*** Supplied entries ***

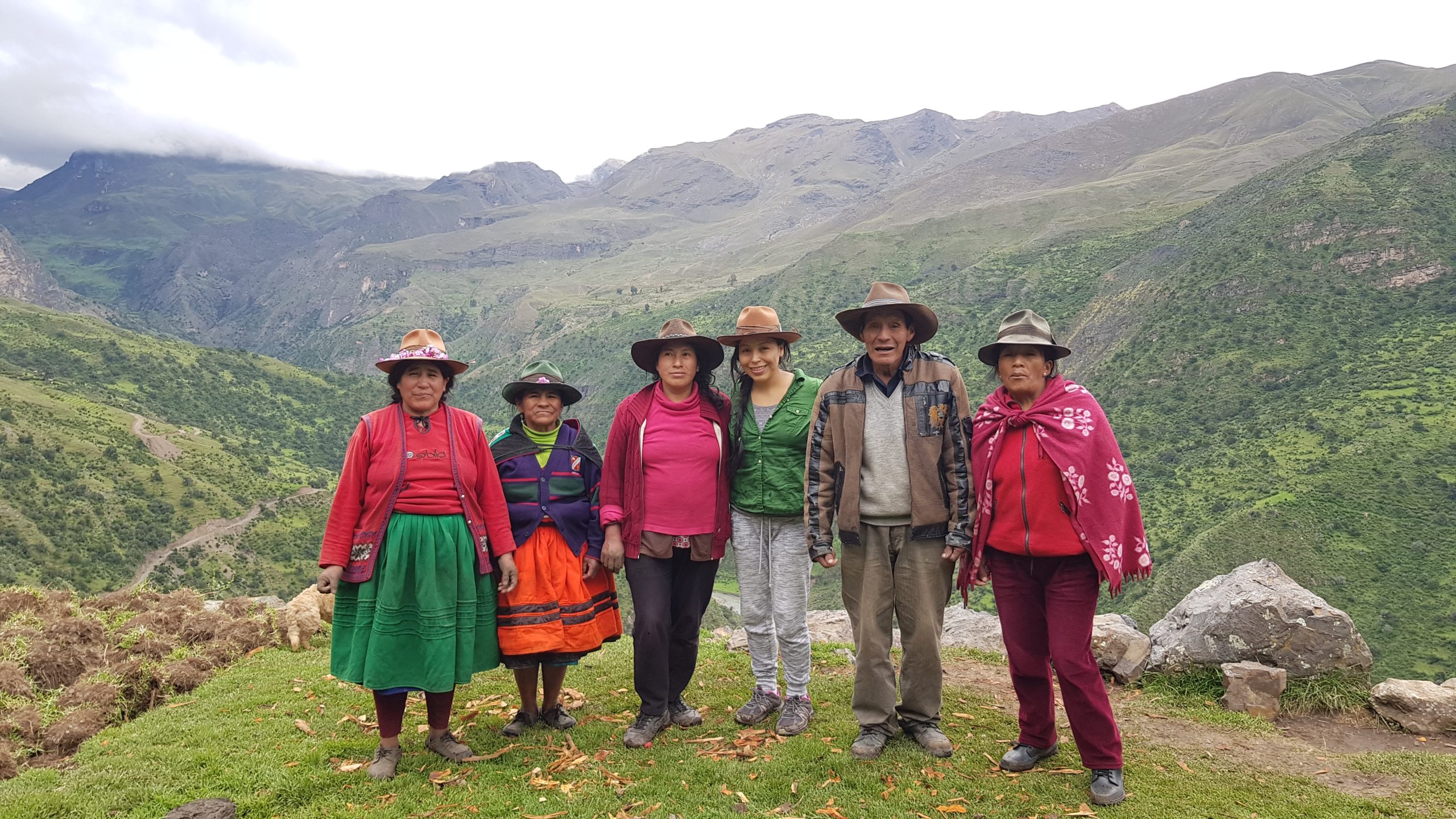 秘鲁Calcauso, Yojana Miraya Oscco(穿绿色衬衫),她的父亲在她的左边,她的阿姨们在她身边。照片了
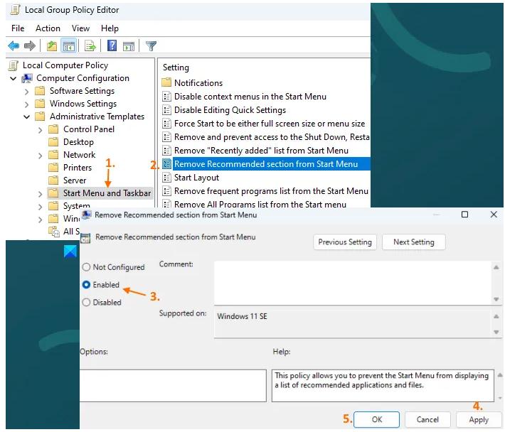 W Edytorze zasad grupy systemu Windows 11 znajduje się ustawienie umożliwiające wyeliminowanie obszaru Zalecane z menu Start, ale jest mały haczyk. Wersja systemu Windows 11 SE obsługuje to ustawienie i jest przeznaczona dla urządzeń z niższej półki w celach edukacyjnych. W przyszłości kolejne edycje mogą mieć tę samą lub podobną oprawę. Aby uzyskać dostęp do tego ustawienia zasad, wykonaj następujące kroki:
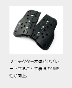 高い剛性と衝撃吸収性を兼ね備え着脱の利便性を高めたセパレートタイプチェストプロテクターMCウエアブランド「アールエスタイチ」とのコラボレーションモデル。熱可塑性樹脂の単一素材成型により軽量ながら衝撃吸収性と剛性を実現。3次元アーチ状のトンネル構造により、面剛性を最大化。ボディプロテクター対応のジャケットに取り付けが可能。prEN1621-3 level2(セパレートチェストDCタイプ認可)素材プロテクター本体:シェル/ポリプロピレンサイズW270mm × H220mm総重量:約250g※旧ボディープロテクターとボタン幅サイズは共通です。
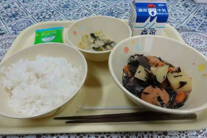 今日の献立は、いそ煮、おひたし、ご飯、牛乳です。
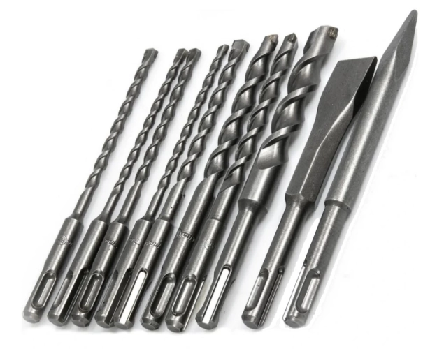 Sada obsahuje vrtáky 5 x 160, 5.5 x 160, 6 x 160, 6.5 x 160, 8 x 160, 10 x 160, 12 x 160, 16 x 160 mm, sekáč plochý 20 x 140 mm a sekáč špičatý 160 mm.
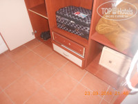 Подробнее о номере: Пол в номере в кафеле, с белыми разводами (по-видимому от морской воды), на балконной двери разводы от зеленки, они же на шторах. Также ржавые подтеки с потолка до пола через всю стену. Кровати как таковой нет, есть два матраца сложенных друг на друга, нижний в чудовищном состоянии. Шкаф в прихожей сломанный. И самое интересное, душевая комната – пляжная галька от предыдущих туристов была раскидана по углам, также не убрано мыло, в душевой сливное отверстие, даже ничем не закрыто (одним словом дыра), дверь облезлая от сырости. Горячей воды в первые дни не было, потом появилась, но отрегулировать ее в душе было не возможно (либо холодная, либо горячая). В общем тихий ужас. За пять дней ни разу не прибрались, полотенца не меняли, а про постельное белье вообще говорить нечего (на официальном сайте данного отеля – прибираются каждый день, полотенца меняют через день, а постельное – через три дня). Кстати полотенца дырявые, а простынь была составная из двух.
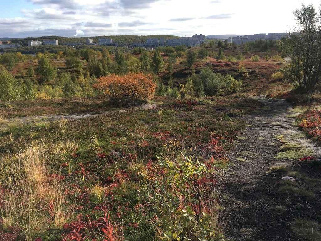 Alyosha is a gigantic concrete soldier erected to commemorate the Arctic fighters who died in WWII. He stands high on a hill overlooking the Kola inlet with superb views of the docks, the inlet and the moors beyond. It is about a 45 minute walk from the centre of town (though you can get a bus most of the way) with the last part on a path through the moorland. The moor was looking wonderful. It is autumn in Murmansk and the leaves of the small low lying berry bushes (blueberries, myrtle and lingonberries) had all turned a wonderful shade of red. On the other side of the inlet one could see all birch trees turning yellow and orange.
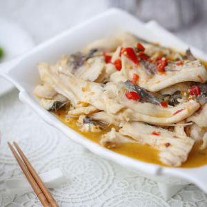 重新烧开汤淋上,摆上红剁椒装饰即可上桌。

*** End of Supplied entries ***

Transcription of the lines from the one with "Sada obsahuje vrtáky" through the end of the entries is required, exact and with no pictures.

 Sada obsahuje vrtáky 5 x 160, 5.5 x 160, 6 x 160, 6.5 x 160, 8 x 160, 10 x 160, 12 x 160, 16 x 160 mm, sekáč plochý 20 x 140 mm a sekáč špičatý 160 mm.
 Подробнее о номере: Пол в номере в кафеле, с белыми разводами (по-видимому от морской воды), на балконной двери разводы от зеленки, они же на шторах. Также ржавые подтеки с потолка до пола через всю стену. Кровати как таковой нет, есть два матраца сложенных друг на друга, нижний в чудовищном состоянии. Шкаф в прихожей сломанный. И самое интересное, душевая комната – пляжная галька от предыдущих туристов была раскидана по углам, также не убрано мыло, в душевой сливное отверстие, даже ничем не закрыто (одним словом дыра), дверь облезлая от сырости. Горячей воды в первые дни не было, потом появилась, но отрегулировать ее в душе было не возможно (либо холодная, либо горячая). В общем тихий ужас. За пять дней ни разу не прибрались, полотенца не меняли, а про постельное белье вообще говорить нечего (на официальном сайте данного отеля – прибираются каждый день, полотенца меняют через день, а постельное – через три дня). Кстати полотенца дырявые, а простынь была составная из двух.
 Alyosha is a gigantic concrete soldier erected to commemorate the Arctic fighters who died in WWII. He stands high on a hill overlooking the Kola inlet with superb views of the docks, the inlet and the moors beyond. It is about a 45 minute walk from the centre of town (though you can get a bus most of the way) with the last part on a path through the moorland. The moor was looking wonderful. It is autumn in Murmansk and the leaves of the small low lying berry bushes (blueberries, myrtle and lingonberries) had all turned a wonderful shade of red. On the other side of the inlet one could see all birch trees turning yellow and orange.
 重新烧开汤淋上,摆上红剁椒装饰即可上桌。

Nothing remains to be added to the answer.